By Leon Suprenant | August 6, 2007
It’s often said that we live in a “dog-eat-dog” world. People are too often motivated by ruthless self interest; woe to anyone who gets in their way.
Now that Michael Vick’s criminal charges have brought attention to the despicable dog-fighting industry, where pit bulls are bred to maul each other to shreds, “dog-eat-dog” is no longer an abstract image. In recent weeks most of us have seen for ourselves the graphic reality during the evening news.
Doesn’t all this give us a window to today’s “culture of death”? We shudder when we see the mistreated animals on television, and rightly so. But what about our inhumanity to one another?
Our quest to become the “top dog,” to assert at any cost our nearly absolute “right” to satisfy our own selfish desires, makes others our rivals, not our neighbors. The most definitive way to deal with a rival is to kill him or her, as is done in the case of abortion. But the culture of death spreads it influence in many other, more subtle ways, especially in the “dog-eat-dog” business world.

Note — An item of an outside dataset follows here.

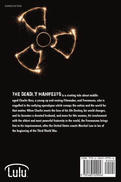 The Deadly manifesto is a riveting tale about middle aged Charlie Ross, a young up and coming Filmmaker, and Freemason, who is engulfed in the outlying apocalypse which sweeps the nation and the world for that matter. When Charlie meets the love of his life Destiny, his world changes, and he becomes a devoted husband, and muse for this woman, his involvement with the oldest and most powerful fraternity in the world, the Freemasons brings him to his imprisonment, after the United States enacts Marshal Law in lue of the beginning of the Third World War.

So we have a choice. We can play the eat or be eaten game. I remember learning how to drive in Southern California, and the first rule of the road I was taught was “you let one in, you let ‘em all in.” In other words, if you’re a good guy, people will take advantage of you. After all, it’s a dog-eat-dog world.
Yet, Christ came not to be the top dog, but to serve others and to give His life as a ransom for others. He did not come dealing death, but came that we might have abundant life. He did not come to “eat” others, but to give Himself as our spiritual food.
We’re not called to be doormats. At the same time, should we model our lives on the pit bulls or on Christ?
I encourage readers to suggest small ways that we can help reverse the “dog-eat-dog” mentality around us. Maybe it’s not speeding up so that we end up first in line at the bank or grocery store. Maybe it’s recognizing and showing appreciation for others who are often taken for granted, such as toll booth operators or janitors. Maybe it’s resisting the urge to come back with a “zinger” when someone has offended us.
On this feast of the Transfiguration, it seems fitting that we would strive to give others glimpses of the divine though God’s life-giving grace.